# Durban Sands owners with a week on Deposit with RCI



## Dunk (Feb 1, 2011)

I just went onto RCI and the week that I had in the bank which originally said it was worth 8 TPU.....now says 26.

I immediately combined it with another week.

Not sure what is going on, but I am very happy.


----------



## MuranoJo (Feb 1, 2011)

Holy Cow!  I saw a similar message from a couple of other folks (not SA owners).  Tried to get in tonight and couldn't.


----------



## northwoodsgal (Feb 1, 2011)

Dunk, that's great!  I just looked at RCI and there is no change in my DS TPs.


----------



## Dunk (Feb 2, 2011)

Sorry Gal. My week was a top trader until the changed to TPU. I wrote several letters to RCI complaining about the drop in trading power, maybe someone actually read one.


----------



## northwoodsgal (Feb 2, 2011)

Oh, it's not a problem, especially since I sold it last month and RCI just hasn't taken it off my record yet.  :rofl:


----------



## kewanee (Feb 4, 2011)

My 2 BR DS white week shows 8 TP and my red week...... 9 !!  Maybe you have to be the squeaky wheel to get the big bump.


----------



## lance1097 (Feb 4, 2011)

About two weeks ago I combined two durban weeks (one was going to expire in 60 days) and got a 35 TP out of them. I just looked at my weeks since reading this post and saw that my 2 2012 weeks for DS are still 8tp each.

To my surprise though my combined week is now a 47.

Weird.


----------



## Loes (Feb 5, 2011)

I also got extra TP's for my Silversands and Strand Pavilion weeks. RCI added 9 points to my Strand Pavilion 2010 and 2011 weeks and 10 to my Silversands 2010 week.
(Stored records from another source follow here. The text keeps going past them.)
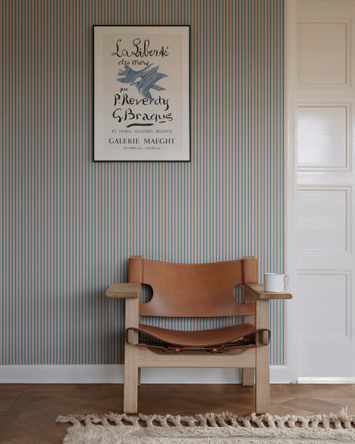 Cool rand med mjuk textil karaktär i exklusiva färger som klär väggarna på ett lyxigt, stilfullt sätt. Linn, Sky Blue, kommer i härligt blått och rött mot en ljus bas. Designad av Karolina Kroon.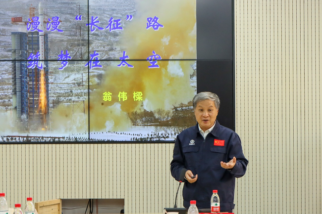 翁伟樑为全体师生讲授了《漫漫“长征”路,筑梦在太空》主题党课。结合自身工作和奋斗经历,阐述了中国航天“三大精神”——航天传统精神、载人航天精神和“两弹一星”精神的内涵与实质。党课在其朗诵自撰短诗《难说再见——致长四队伍的兄弟姐妹》和经久不息的掌声中结束。
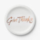 Copper-look Give Thanks script Thanksgiving design Paper Plate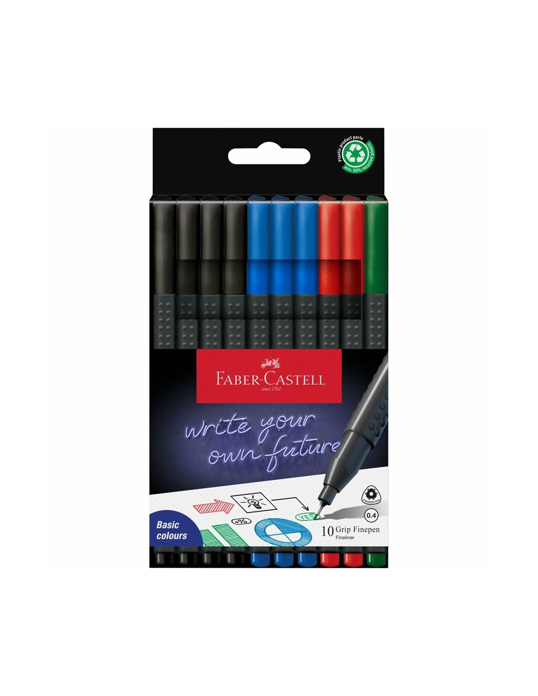 Grip Finepen rotulador de punta fina Fino Negro, Azul, Verde, Rojo 10 pieza(s)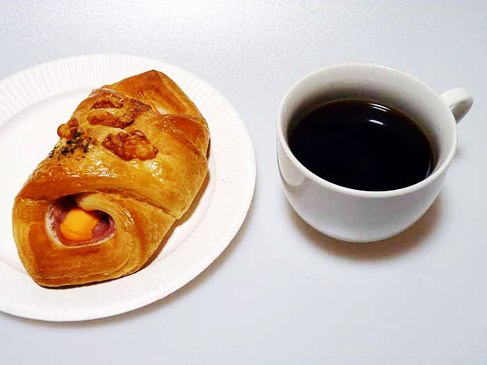 カップの隣のパンが歯の抜けた爺さんがわらっているよう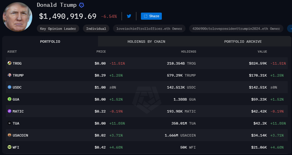 Situácia je komplikovaná skutočnosťou, že prezident Trump si udržiava značný podiel v spoločnosti Trump Media & Technology Group a nedávno spustil viacero krypto projektov. Tri dni pred inauguráciou prezident predstavil memetoken s názvom TRUMP prostredníctvom svojej spoločnosti CIC Digital LLC, ktorá vlastní 80 % celkovej ponuky tokenu. Arkham Intelligence taktiež verejne zdieľa portfólio Donalda Trumpa.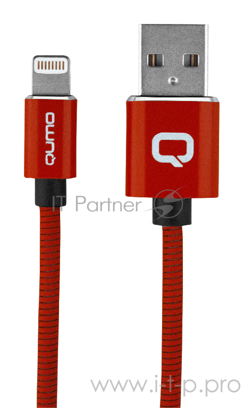 Кабель Qumo, MFI С48, USB-Apple 8 pin (1м, 5В, 2,4A, 12Вт, опл. металл. пружинка, кон. металл, красный)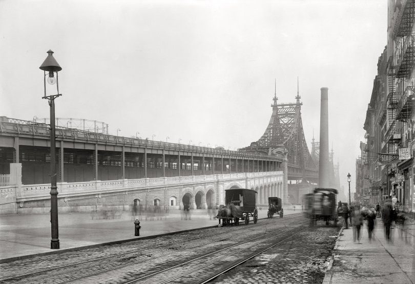 A trolley line connecting Manhattan and Roosevelt Island was operating above the Queensboro Bridge. Cars to and from Queens stopped in the middle of the bridge and people went down to the island in an elevator. That type of transportation existed in Queens until 1957. At that time, the streetcar line over Queensboro was the last one in the United States.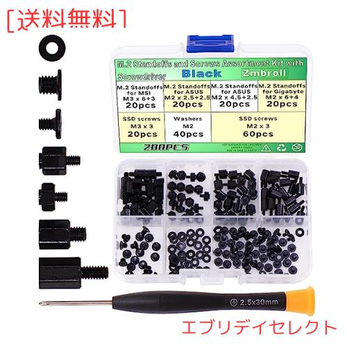 パッケージ内容: 便利なボックスに入ったblackのコンピューターネジ200個。 【内容】 M.2 スタンドオフ MSI M3 x 6+3用 --- 20個。 ASUS M2 x 2.5+2.5用M.2スタンドオフ---20個。 ASUS M2 x 4.5+2.5用M.2スタンドオフ---20個。 M.2 スタンドオフ ギガバイト M2 x 6+4 --- 20個。 M3x3 SSDネジ--- 20個。 M2 x 3 SSDネジ---60個。 M2ワッシャー --- 40個。 磁気ドライバー --- 1個。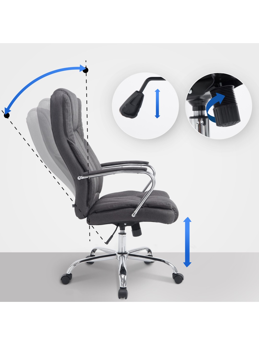 La silla ejecutiva Xanthos es una silla de oficina exclusiva con tapizado de muy alta calidad y un aspecto de tela moderno. La funda de tela no sólo tiene un aspecto bonito, sino que también es especialmente robusta y fácil de cuidar. Una estructura de metal estable también garantiza un soporte seguro. Además, se garantiza una sentada ergonómica gracias a la altura ajustable del asiento. Además, la altura del asiento se puede ajustar continuamente mediante una palanca debajo del asiento. Un mecanismo basculante incorporado garantiza una mayor libertad de movimiento. La silla de oficina Xanthos se apoya firmemente sobre cinco ruedas de funcionamiento suave. No importa si se trata de suelos duros o alfombrados, siempre podrá rodar con facilidad y soltura por el suelo.
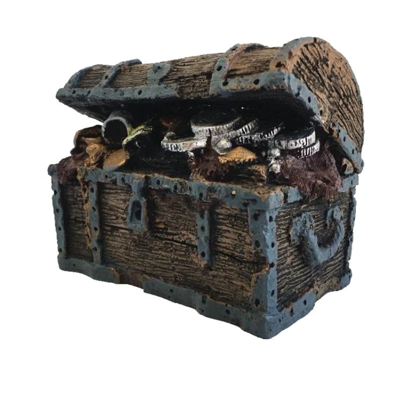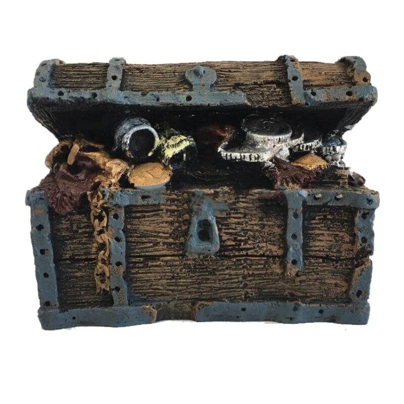 Voici le grand coffre au trésor pirate pour aquarium ! Si tu cherches à décorer ton aquarium pour le faire ressembler au fond marin des Caraïbes, tu es au bon endroit ! Avec ce magnifique grand coffre pirate pour aquarium, remplis plein de bijoux en or. Tu apporteras un design unique et classe ! Tes poissons seront les plus heureux, car ils pourront se cacher à l’intérieur ! Le coffre pirate et réaliser en résine naturelle, donc parfaite pour tes poissons !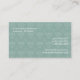 Simple and elegant is the way to go. One classic fleur de lys ornament in dark sage green serves as the focal point of this business card suitable for a variety of professions including financial services, real estate, publishing, consultanting, etc. The fleur de lis is repeated in a pattern on the back. Available in alternate colours.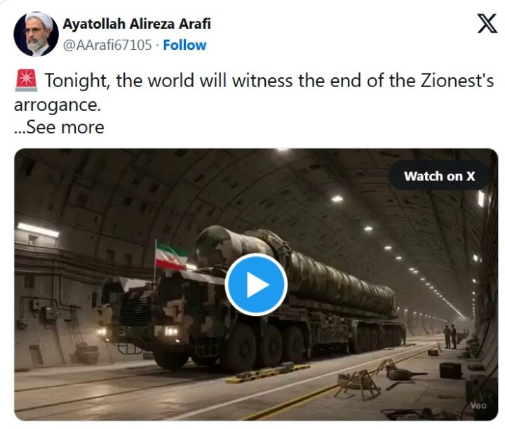 “Qafqazinfo” xəbər verir ki, bunu İran Ali Rəhbərinin vəzifəsini icra edən Ayətullah Əlirza Ərafi “X” hesabında yazıb.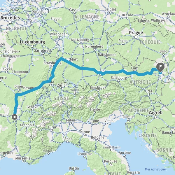 Prendre à droite et rejoindre A36. Continuer sur 236 kilomètres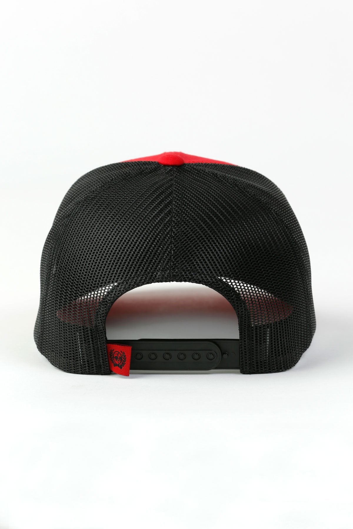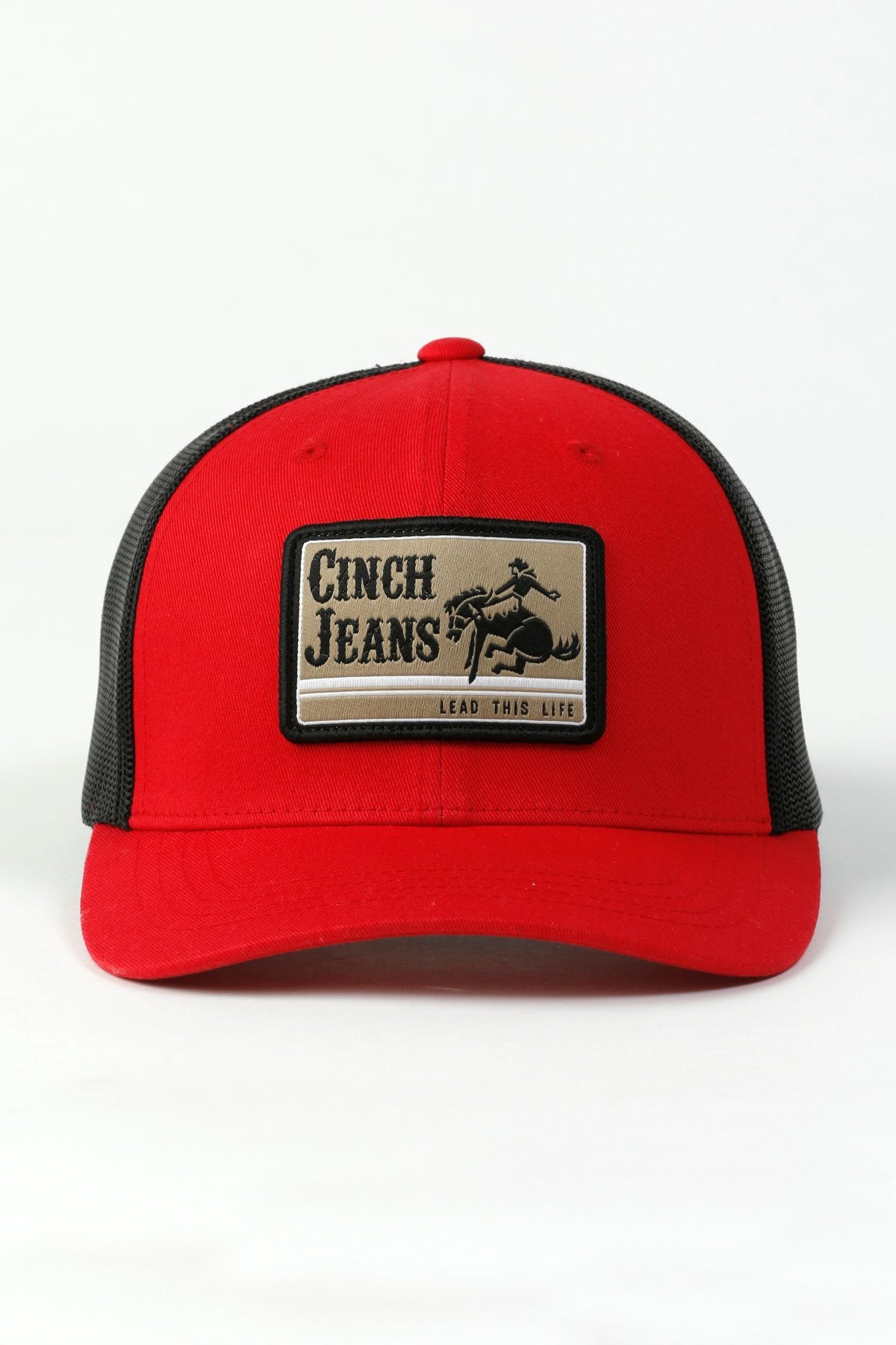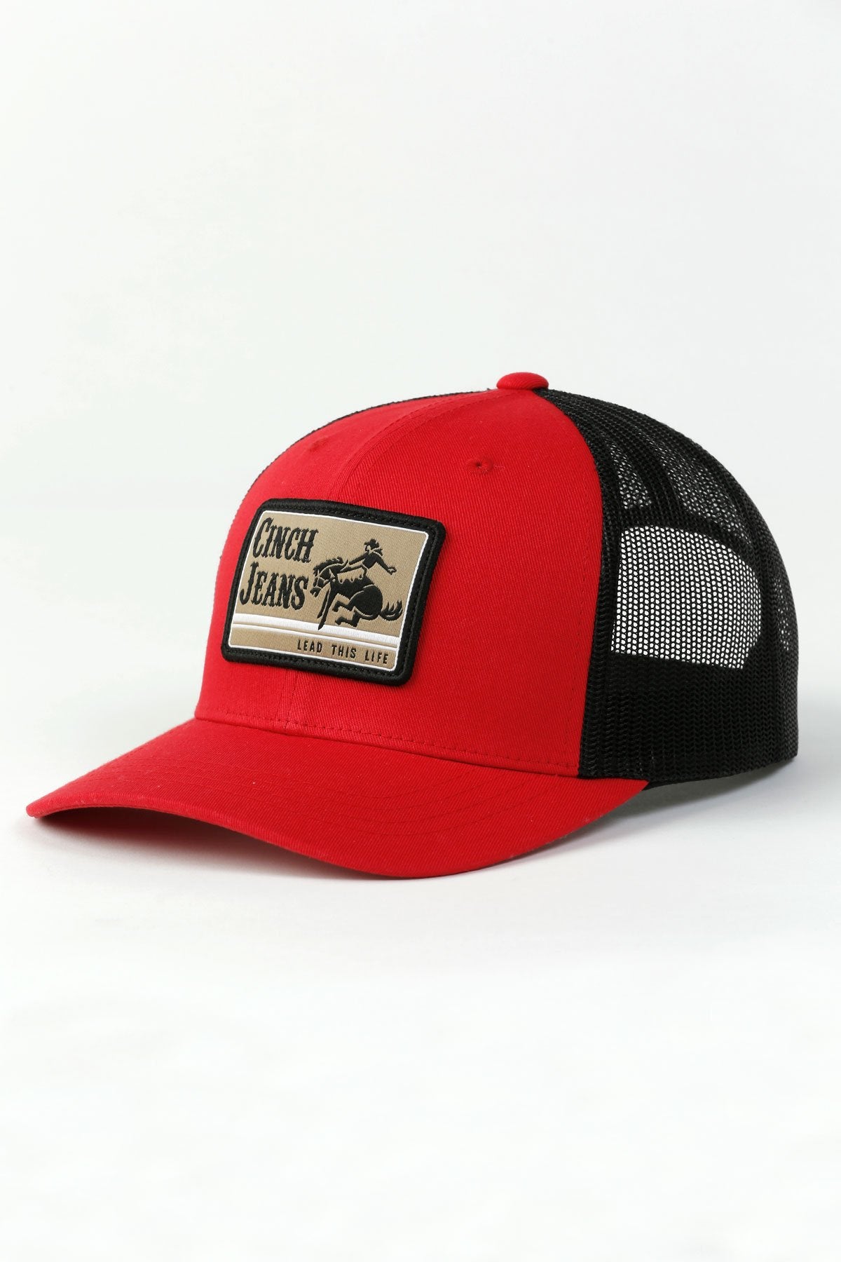 Daily ranch chores call for stylish sun protection from a comfortable cap like this red Flexifit trucker by CINCH. Designed with a bronc rider woven logo patch, this cap is a must-have accessory for topping off a Western snap shirt and blue jeans. Features a secure back snap closure.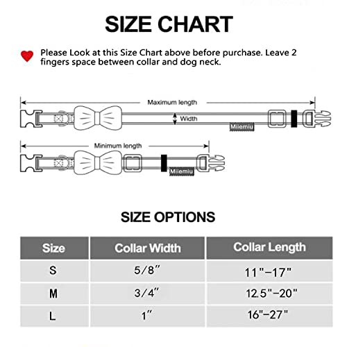 【Adjustable size】 The size of the Dog Collars is neck 16″-27″, width 5/8″. Bow Tie Size: 4.52″ x 2.48″ (w x h). Please measure your dog’s neck to get correct size.
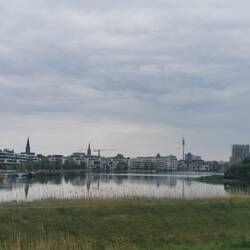 Nur wenige Kilometer, dann sind wir schon an der Rheinpromenade in Düsseldorf. Kindergärten, Schulausflüge, Jogger, schwangere und nicht schwangere Mütter, Geschäftsleute in der Pause, Arbeiter, Schicki-Mickis....ein Potpourri der Berufe, Nationen, Interessen, die sich hier tummeln. Und mittendrin der Rhein, der ruhig und gemächlich dahinfließt.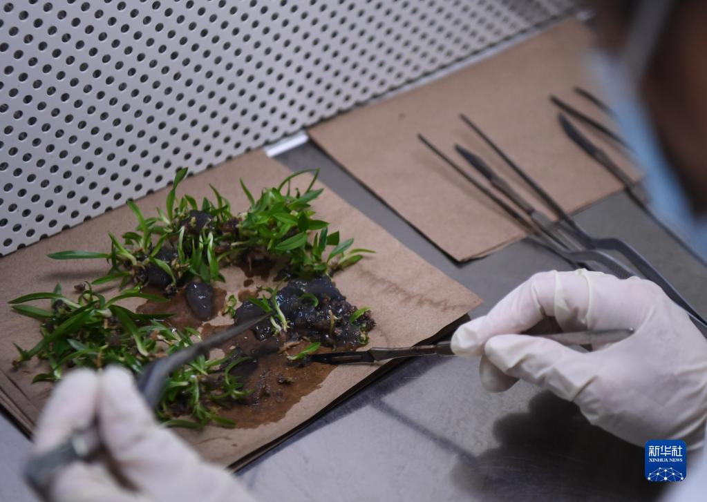 在華南國(guó)家植物園,工作人員對(duì)兜蘭進(jìn)行增殖處理(7月4日攝)。新華社記者 鄧華 攝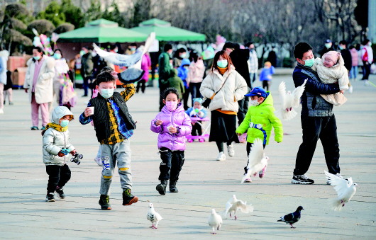 2月1日,几名儿童在石家庄市文化广场上游玩。 新华社记者牟宇摄 |

These weeks were already used for an exchange!


----------



## patsymck (Feb 5, 2011)

Has anyone traded with their combined points?  Is there really a big change in what is available for trade?

Pat


----------



## owen1521 (Feb 5, 2011)

*yes, huge difference*



patsymck said:


> Has anyone traded with their combined points?  Is there really a big change in what is available for trade?
> 
> Pat



everyone can see all available trades now. 1.sign in to rci 2. go to search for vacation 3. directly above the world map that comes up in that page you will see " You are currently searching »Exchange Only, Bookable Only click to change" 4.click on click to change. 5. check the box (Show all available RCI vacations)  6. click update search on bottom.    you will then see all available rci vacations no matter the point value.  hope this helps


----------



## MuranoJo (Feb 6, 2011)

Just wanted to pipe in that my DS week 3 deposited in '10 got bumped to 14 from 9, but my '11 week remains at 9.  Not sure what '12 will bring and I've been watching as the currency exchange rate creeps up a bit before paying.


----------



## patsymck (Feb 8, 2011)

everyone can see all available trades now. 1.sign in to rci 2. go to search for vacation 3. directly above the world map that comes up in that page you will see " You are currently searching »Exchange Only, Bookable Only click to change" 4.click on click to change. 5. check the box (Show all available RCI vacations) 6. click update search on bottom. you will then see all available rci vacations no matter the point value. hope this helps 

Owen,

There is no way I could have found this on my own, still need to learn much more, thank you


----------